I was surprised to see the CJ cover the protest, but even more surprised that the protest received attention from the national blogosphere. In particular, Hullabaloo wrote some harsh criticism of the protesters and even compared the conservative protest to Woodstock. According to the blogger:
They are living out their angry Woodstock fantasy pretty much everywhere these days. (Yes, Beck's calling his "Triumph of the Wingnut" event Woodstock too.) They are hoping for a bunch of liberals to spray them with fire hoses and scream at them on the way to church just so they can really have their midlife crisis in style....
...They're just upset about everything these days and they're taking it to the streets!

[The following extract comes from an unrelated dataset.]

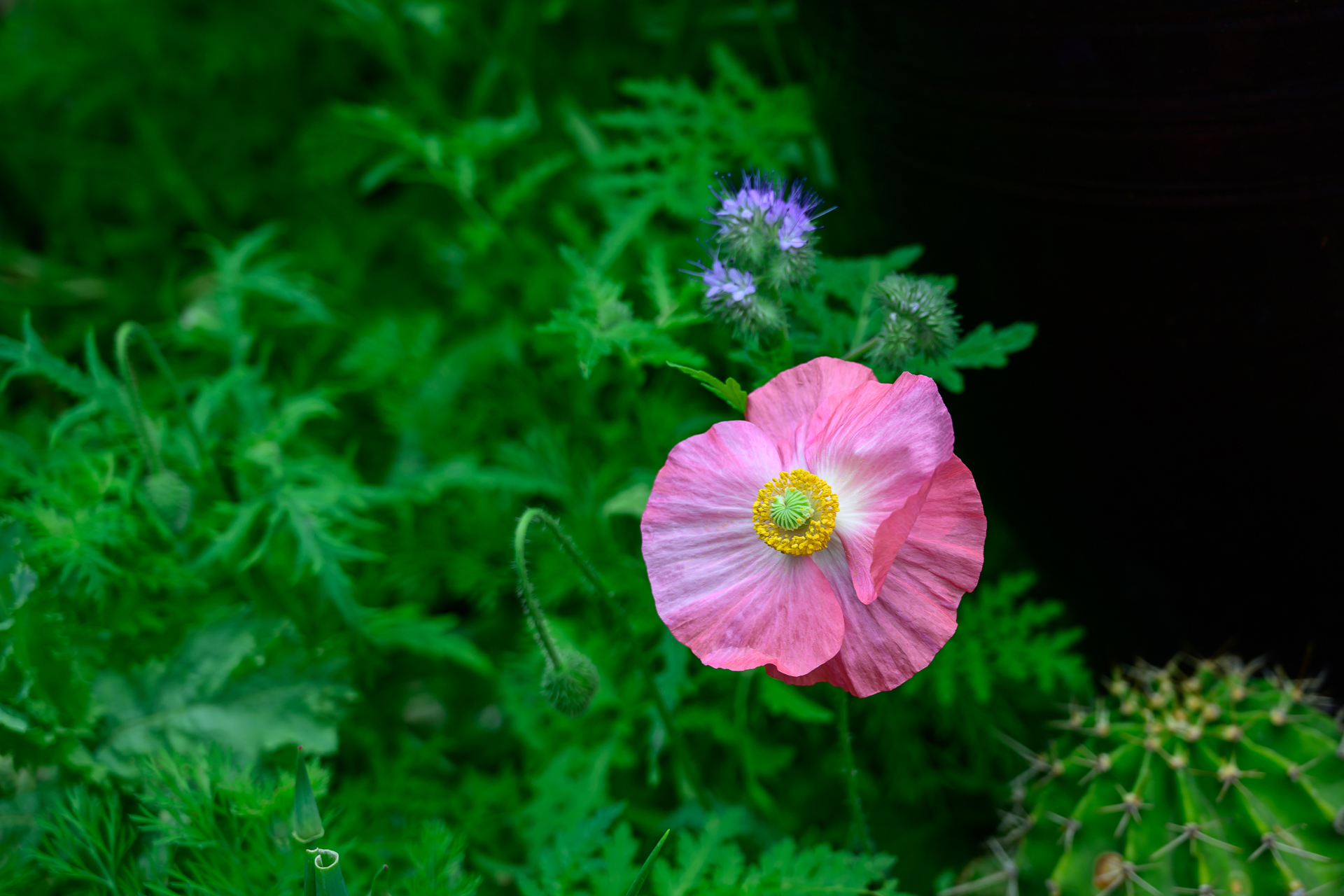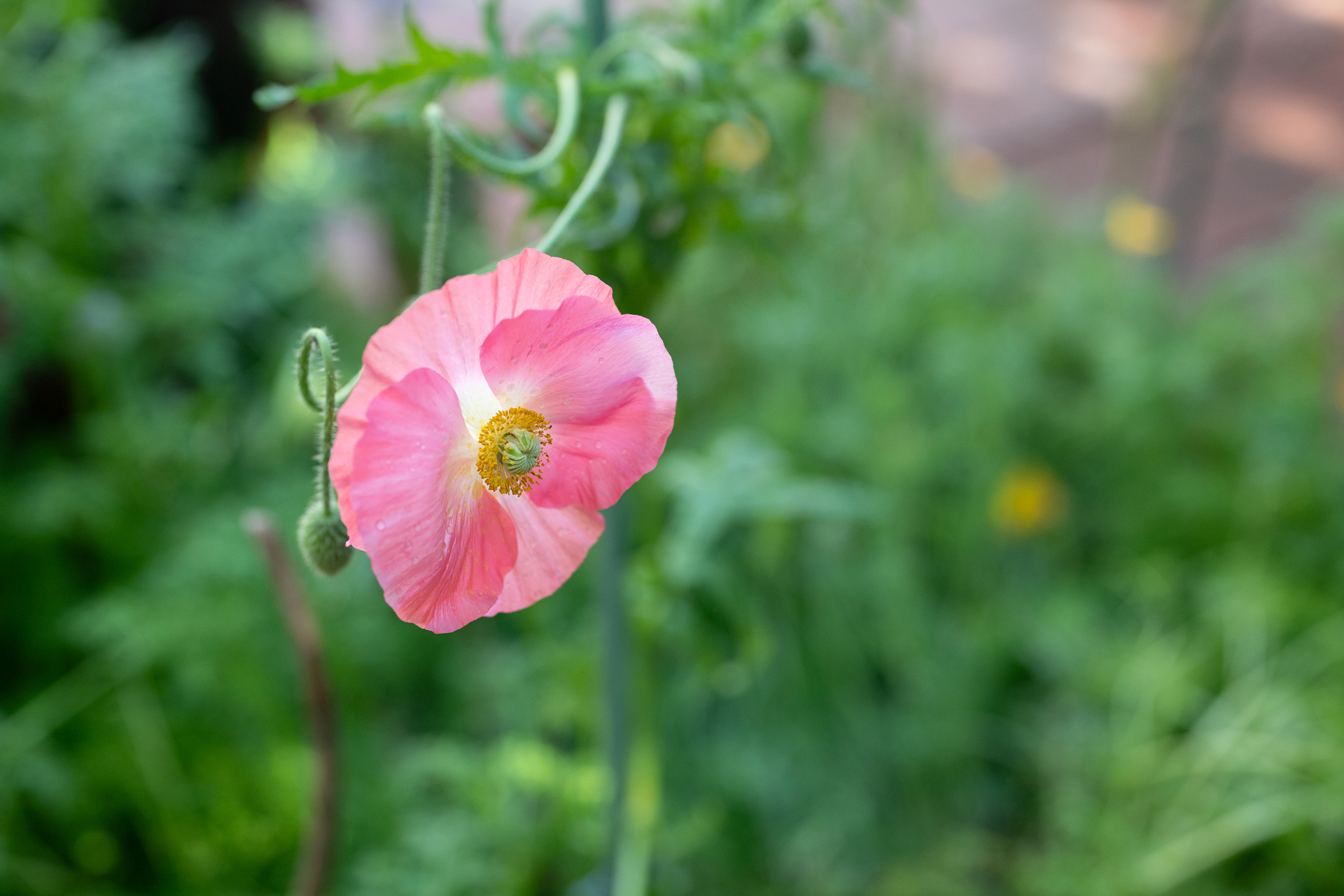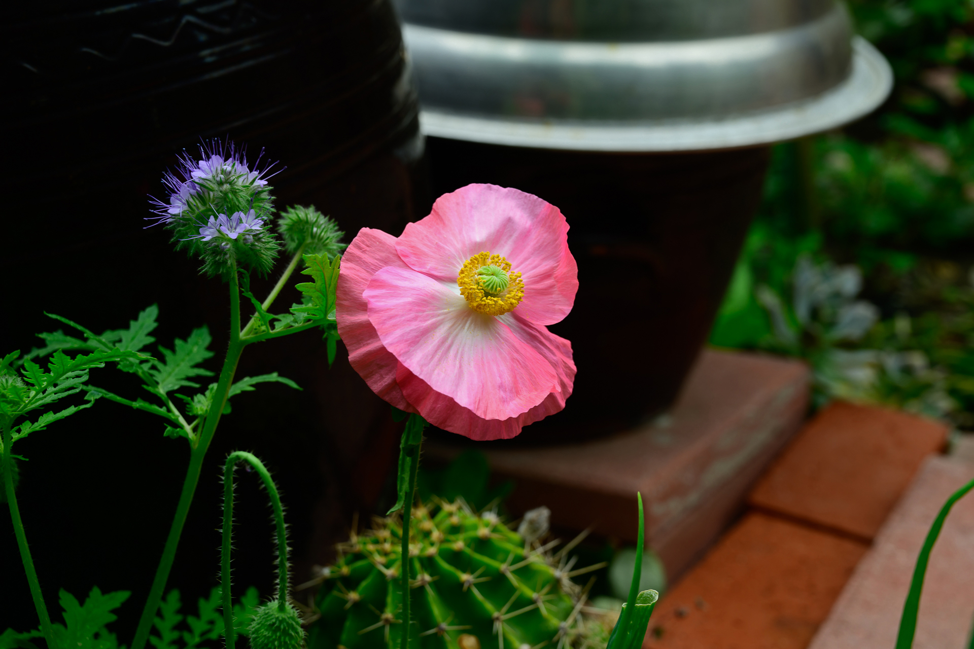 장독대 옆에서 피어 난 야생 양귀비 한 송이
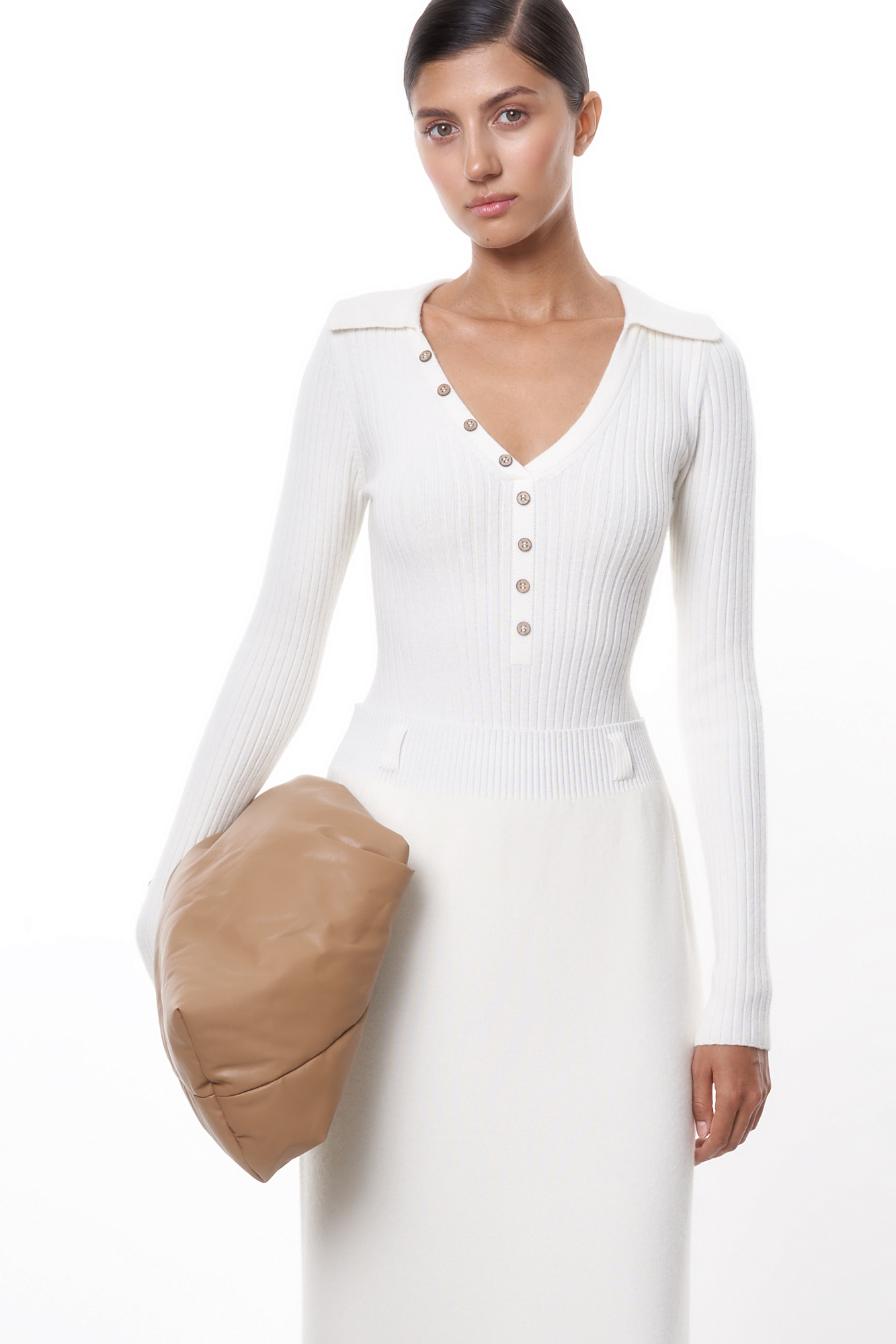 Трикотажное боди из кашемира и шерсти. Модель с длинным рукавом, отложным вороником и глубоким V-образным вырезом с планкой. Изделие декорировано пуговицами.

The paper explained that they strive to be "fair and balanced" but that they can't cover every campaign event. (If they're like most members of the press, they'll immediately assign a full time reporter to the GOP campaigns now that a bunch of angry, middle aged white people have expressed their inner Abby Hoffman. So you can't say it isn't effective.)

I'm waiting for the Joseph Kraft of today to have the blinding insight that these people are not mainstream and that it's the working and middle class moderate liberal who represents the silent majority. I suppose the first question is, who's the next Joseph Kraft/David Broder?

So, now, every time a group of people congregate, for any reason, it’s Woodstock? The picture painted by mentioning Woodstock is 180 degrees from the truth considering most tea partiers are huge supporters of family values. He could have at least refer to conservative protests as Woodstock minus the drugs, sex, and violence—but, then it wouldn’t be anything like Woodstock, would it?

The author thinks that tea partiers are some sort of fringe group (but Woodstock liberals are okay?) He's obviously never attended a tea party rally, so perhaps I should forgive his ignorance.

Personally, I think the tea party may be the greatest thing to happen to this country since Ronald Reagan (who was the greatest thing since sliced bread). But, suggesting I'm some sort of fringe lunatic would be giving me way too credit in the "interesting" department--I'm just not that exciting. And, tea partiers are no more fringe than those who stood up for freedom in the Revolutionary War.

The reason the author considers tea partiers to be outside the realm of mainstream America is because the press paints them as racist, closed-minded, right-wing extremists. The blogger's entire opinion is based off media bias, which is exactly what Saturday's group was protesting.